Each line from the one holding "Wodoodporny do 200" through the end of the records should be returned exactly, while pictures are skipped.

--- START ---

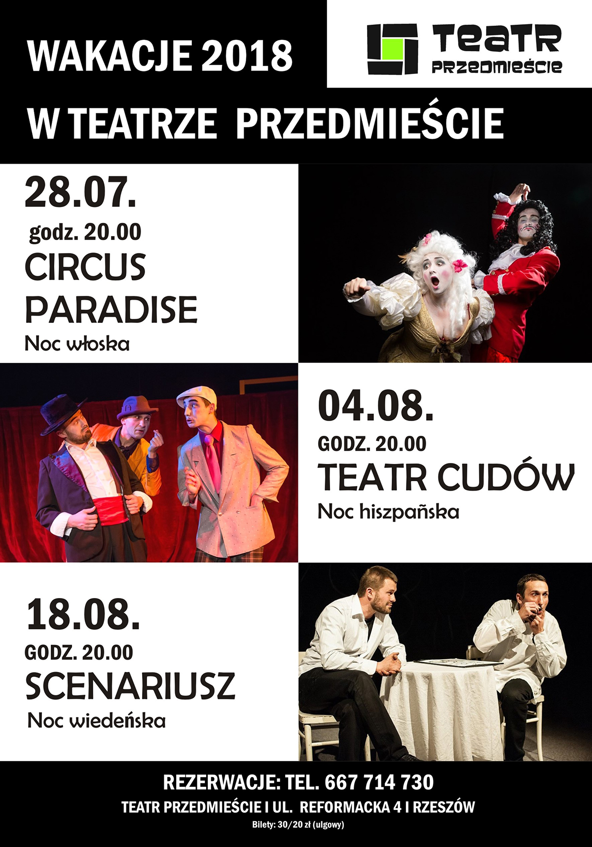 W wakacje rzeszowski Teatr Przedmieście nie próżnuje. W sezonie letnim widzowie śmiało mogą wybrać się na spektakle, a do wyboru mają aż trzy widowiska: „Circus Paradise", „Teatr Cudów" i „Scenariusz".
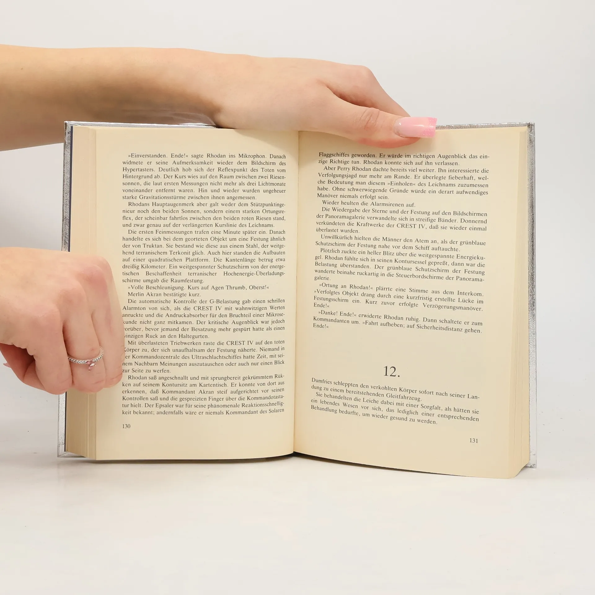 Enthaltene Original-Romane (Heftromane, #343-345 und #347-350):- "Planet der tausend Freuden"- "Die Kidnapper des Auserwählten"- "Verfolgungsjagd im Halbraum"- "Die Sucher von M-87"- "Die kosmische Falle"- "Die Partisanen von der 'Crest'"- "Robot-Patrouille"Weiterhin befindet sich die "Crest IV" mit 5000 Menschen an Bord in der fernen Galaxis M 87, von wo ohne Hilfe der dortigen Herrscher keine Rückkehr in die heimatliche Milchstraße möglich ist. Alle Versuche Perry Rhodans, friedlichen Kontakt aufzunehmen, scheitern an der Forderung, seine beiden halutischen Freunde Icho Tolot und Fancan Teik auszuliefern - was deren Tod bedeuten würde. Rhodan denkt nicht daran, die Haluter zu opfern. Er geht einen anderen Weg und versucht, mit tollkühnen Aktionen und Partisanenkampf an sein Ziel zu gelangen. Er fordert die Mächtigen der fremden Galaxis heraus und weiß, dass jeder Fehler das Ende der "Crest" und ihrer Besatzung zur Folge haben kann.Im 32 Millionen Lichtjahre entfernten Solsystem bereitet man sich inzwischen auf die erwartete Großoffensive der Zweitkonditionierten vor. Als es dann soweit ist und 500 Dolans Feuer und Venichtung zu speien beginnen, ruht die Hoffnung der Verantwortlichen auf sechs winzigen Menschlein und einem Giganten aus Stahl - dem Paladin der Menschheit in einem Kampf der Titanen...
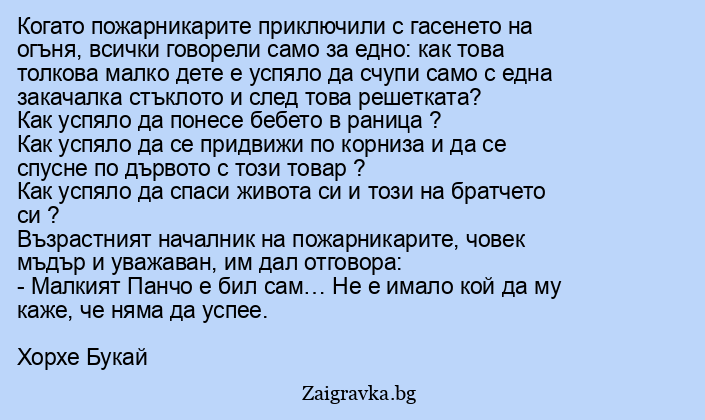 Когато пожарникарите приключили с гасенето на огъня, всички говорели само за едно: как това толкова малко дете е успяло да счупи само с една закачалка стъклото и след това решетката?
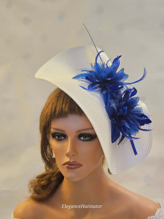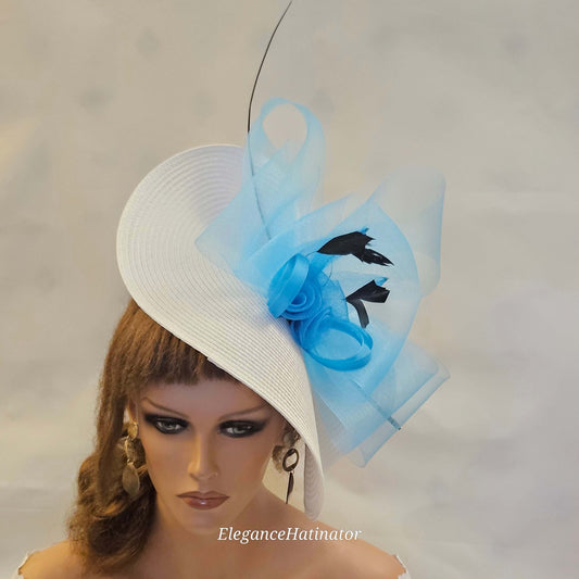 WHITE & BLUE Fascinator Hat large saucer hatinator
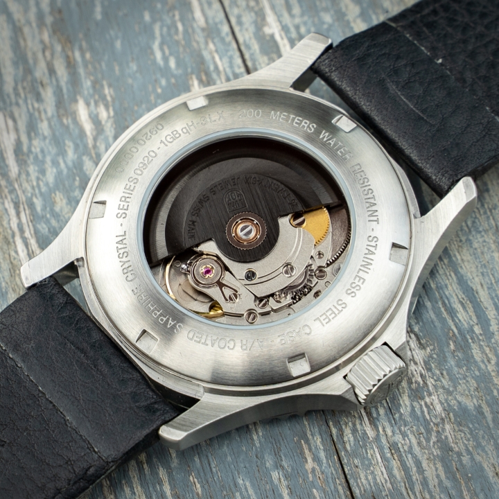 Wodoodporny do 200 metrów, wyposażony w szafirowe szkłoszkło z antyrefleksem, zakręcaną koronkę i dekiel.
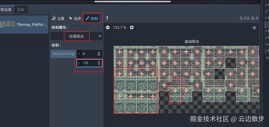 - 要处理这个问题,我们点击进入绘制模式,然后将绘制属性改为纹理原点,然后改y轴为-16之后,依次点击我们的组合瓦片,像图中的左边的瓦片组合我是点过了,然后就是正常了,不正常的就是那个红色的十字不是在一块的中间。
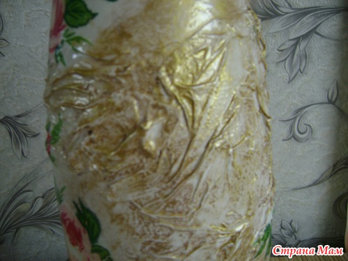 Два слоя белого акрила, в промежутках лак акриловый. На ПВА+вода салфетка. Сразу формировала складки. Далее белый акрил, лак, белый акрил, лак. Затем приклеила салфетку, покрыла лаком слоя 2 или 3 (уже не помню ).Далее на тряпочку коричневую краску и затирала складки, и не только. А потом поверх коричневой краски , также тряпочкой втирала в складки золотую акриловую краска. И опять акриловый лак 2-3 слоя

--- END ---

→ OUTPUT
 Wodoodporny do 200 metrów, wyposażony w szafirowe szkłoszkło z antyrefleksem, zakręcaną koronkę i dekiel.
 - 要处理这个问题,我们点击进入绘制模式,然后将绘制属性改为纹理原点,然后改y轴为-16之后,依次点击我们的组合瓦片,像图中的左边的瓦片组合我是点过了,然后就是正常了,不正常的就是那个红色的十字不是在一块的中间。
 Два слоя белого акрила, в промежутках лак акриловый. На ПВА+вода салфетка. Сразу формировала складки. Далее белый акрил, лак, белый акрил, лак. Затем приклеила салфетку, покрыла лаком слоя 2 или 3 (уже не помню ).Далее на тряпочку коричневую краску и затирала складки, и не только. А потом поверх коричневой краски , также тряпочкой втирала в складки золотую акриловую краска. И опять акриловый лак 2-3 слоя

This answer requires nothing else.